JP2012-252868 (paragraph [0052])

  However, according to the conventional method, when a film is formed on the outer periphery of the conductor in a short time, a waveform is generated on the surface of the dried enamel wire paint, or only the surface of the enamel wire paint is dried (so-called skin coating). ) And the solvent remains without evaporating, and foaming due to the remaining solvent occurs in the film.
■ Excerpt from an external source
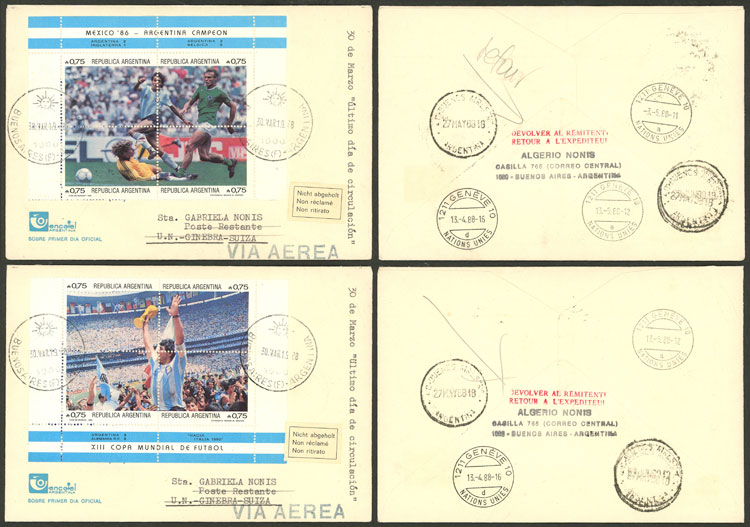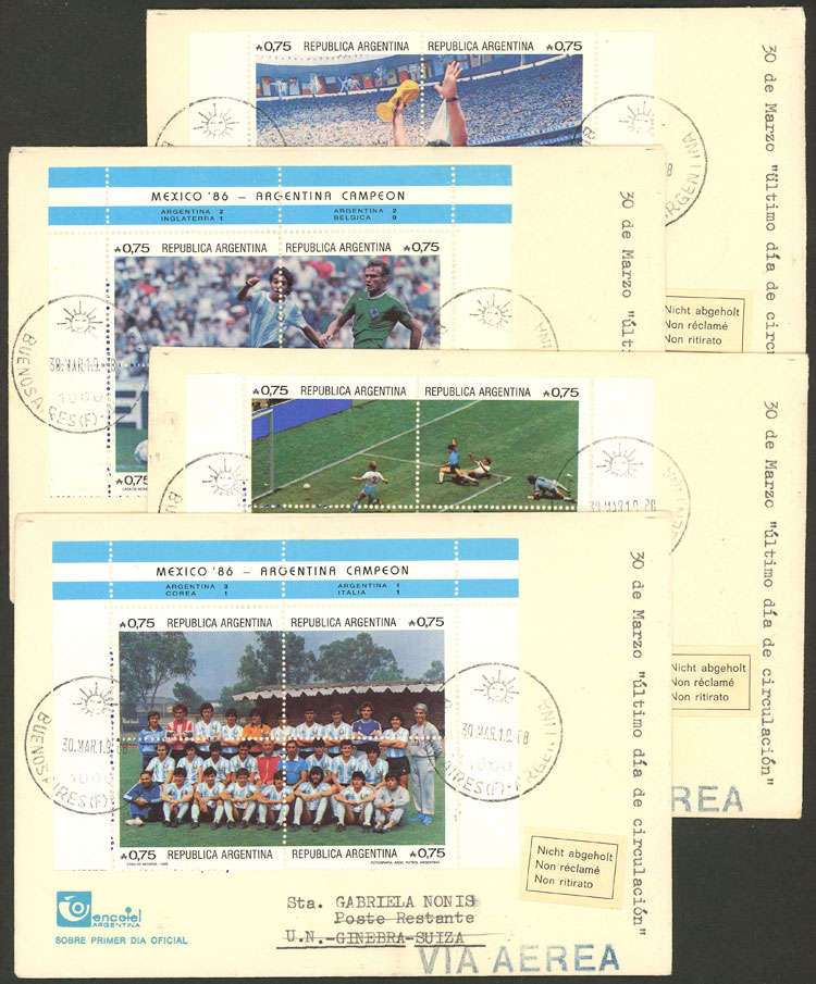 GJ.2301/2316, Argentina champion of Mexico 86 Football World Cup, cmpl. set of 16 values, franking covers used from Buenos Aires to Switzerland, returned to sender (Image) (Image-02)

Therefore, in order to form a film having a good appearance on the outer periphery of the conductor, it is necessary to take time to evaporate the solvent in the enamel wire paint and dry it.

  Accordingly, an object of the present invention is to provide an enameled wire manufacturing method and apparatus capable of forming a film having a good appearance even when the solvent in the enameled wire paint is evaporated in a short time and the enameled wire paint is dried. There is to do.
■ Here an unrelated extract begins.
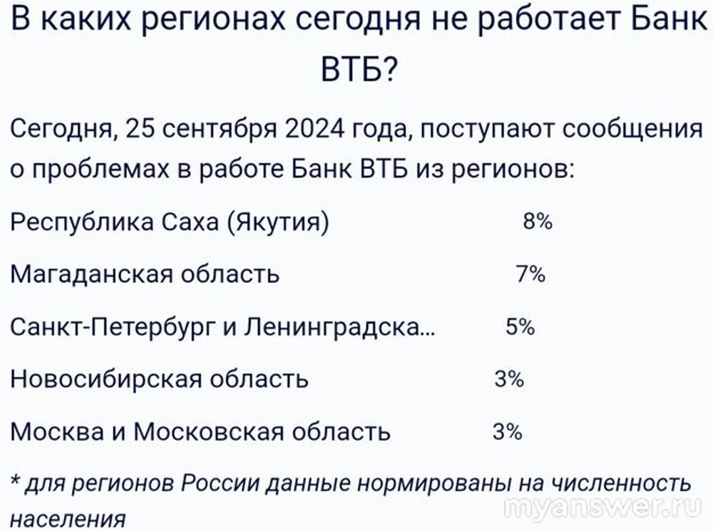 Не работает ВТБ (сайт, приложение, личный кабинет) 25 сентября 2024, почему, что делать?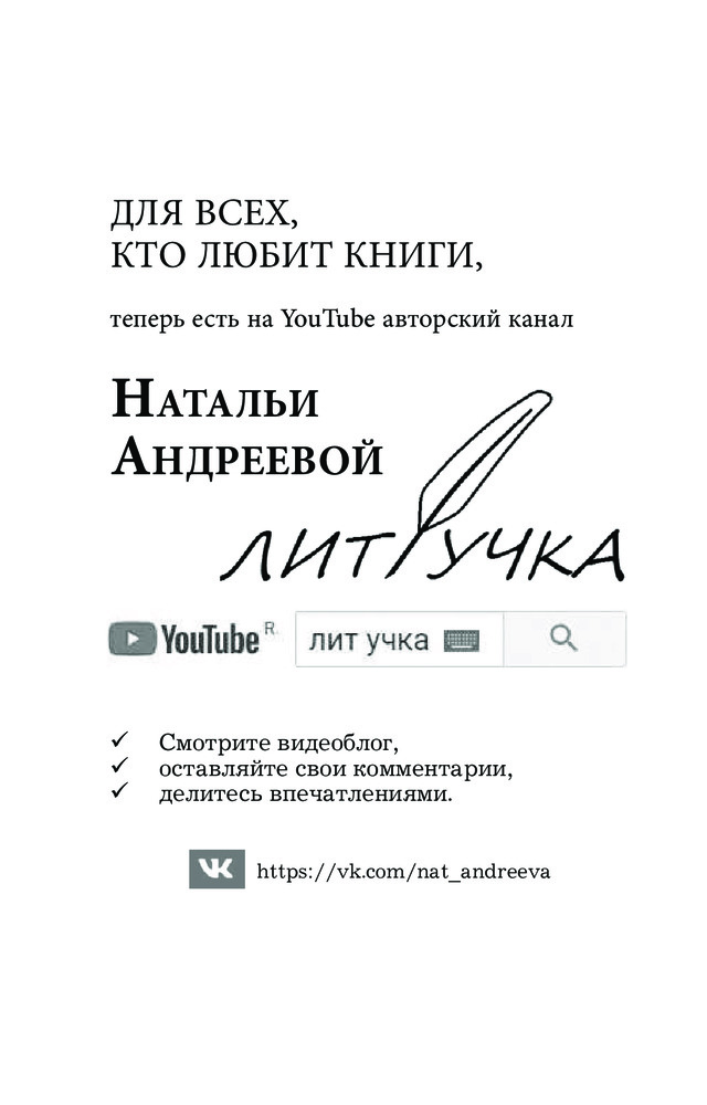 | Наталья Вячеславовна Андреева - российская писательница, автор романов детективного жанра. Родилась в деревне Порохово Волоколамского района Московской области. Окончила Волоколамскую среднюю школу, после чего поступила в Московский Институт Культуры на факультет библиотековедения и библиографии. Получив диплом, уехала в город Балашов Саратовской области, на родину мужа, где проработала пять лет в массовой библиотеке в должности библиографа. Позже перебралась вместе с мужем и сыном в... |

  In order to achieve the above object, the present invention provides the following enameled wire manufacturing method and manufacturing apparatus.

[1] A step of evaporating the solvent in the enamel wire paint applied to the conductor by applying light having a wavelength that matches a peak wavelength of less than 4 μm among wavelengths absorbed by the solvent; A method for producing an enameled wire.
[2] The method for producing an enameled wire according to [1], wherein the peak wavelength is in a range of 0.5 to 3.5 μm.
[3] The method for producing an enameled wire according to [1] or [2], wherein the light is light having a peak wavelength that matches the peak wavelength.
[4] The method for manufacturing an enameled wire according to any one of [1] to [3], wherein the light is near infrared rays.
[5] The method for manufacturing an enameled wire according to any one of [1] to [3], wherein the light is laser light.
[6] The process according to any one of [1] to [5], wherein the step of heating the conductor by induction heating is a step of heating the conductor so that a temperature of the conductor is higher than a temperature of the enamel wire paint. The manufacturing method of the enameled wire as described in one.
[7] An enameled wire provided with an irradiation device for irradiating light having a peak wavelength of less than 4 μm to a traveling conductor coated with an enameled wire paint and a baking furnace provided with an induction heating device for heating the traveling conductor by induction heating Manufacturing equipment.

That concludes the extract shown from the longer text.